Her last seconds of consciousness in that bitter cold brought her within sight of the temple; a breathtaking affair cut into the side of the mountain, merely a few hundred feet from the summit, and with spaces for springtime gardens laid out either side of it. Its roof was inlaid with gold, and as the sun's reflection shimmered off the mighty beams and tiles it appeared to come alive and wobble hypnotically before her. As the strength in her cold legs and weary knees gave out, she could hear the sound of the bell chiming.

A procession of monks found her and gathered her up and carried her limp body into the temple. Setting her beside a fire they brought her hot tea and vegetable soup, helped her to revive back into the waking, and gave her a saffron robe to replace her ruined clothes. In time she was able to stand and walk again, and at her request they brought Anantamati to see her.

They exchanged smiles, salutations and respectful bows with each other, then sat with their legs crossed on the exquisite handwoven rugs. To Margret, Anantamati was a young and handsome man, of smooth features and kind expression. He spoke exactly the same way he had before on the phone, with a voice undisturbed by stress or uncertainty or the anxious whine of someone who'd like to quit his job if only there were anything better in the tech industry these days. In his presense, it was as if even the molecules of air were soothed and reassured, told to be calm by a person who was in tune to the fundamental wavelength of the universe, the source of infinite wisdom, and therefore could not be wrong.
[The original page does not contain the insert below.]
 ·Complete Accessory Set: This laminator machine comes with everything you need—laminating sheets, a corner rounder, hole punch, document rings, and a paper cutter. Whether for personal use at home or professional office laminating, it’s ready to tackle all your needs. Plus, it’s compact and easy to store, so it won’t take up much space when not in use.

“It is so good to see your face, Margret,” he cooed. “Never before has anyone sought our humble temple here in these mountains.”
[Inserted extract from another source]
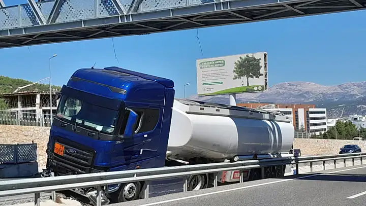 Sabah saatlerinde meydana gelen kazada sürücü yara almadan kurtulurken, yolun tek şeridi trafiğe kapatıldı. TIR'ın arkasındaki tankın tamamen akaryakıt dolu olması nedeniyle akaryakıtın boşaltılması yerine dorse yerinden çıkarılarak başka bir TIR tarafından çekilerek taşınacak. TIR'ın çarpmanın etkisi ile sol ön bölümünde hasar oluşurken, servise götürüleceği açıklandı.

“You have no idea what it took to find you,” Margret said, “is it true what they say, that you can feel the vibrations of a butterfly's wings in a meadow in Montana?”

“Yes, this is true,” Anantamati replied, “the meditation techniques of our mentor and leader, Vasubandhu, even gift me with the sensitivity to hear the wind blow the tiny little hairs on its head.”

“And that you can see even the most complex folding patterns of proteins, and tell what shape they will form, and what purpose it will serve once folded?”

“All that and more, yes. We have tapped into the source of infinite wisdom, a layer of knowing that exists at the interface of consciousness and unconsciousness.”

“And that's why you can answer any question that's asked of you?”

“Yes, dear Margret. Why, is there something you wish to ask?”

Margret's lip trembled as she stared into the deep brown eyes of the handsome south Asian man seated across from her, an oracle in saffron robes. A proxy for God Himself. She spoke with meekness and awe, “Okay, well... see, I'm trying to send an email attachment to a customer who's company uses Microsoft Exchange, and it won't go through.”

Anantamati took on a sad expression, “I'm sorry, I'm afraid I can't answer that question for you.”

Margret's eyes bulged, and she sputtered. “But why? I thought you could answer any question!”

“Dear Margret, I can answer even the question of life itself, but your 90 days of free technical support have elapsed. But thank you for visiting, and please have a nice day.”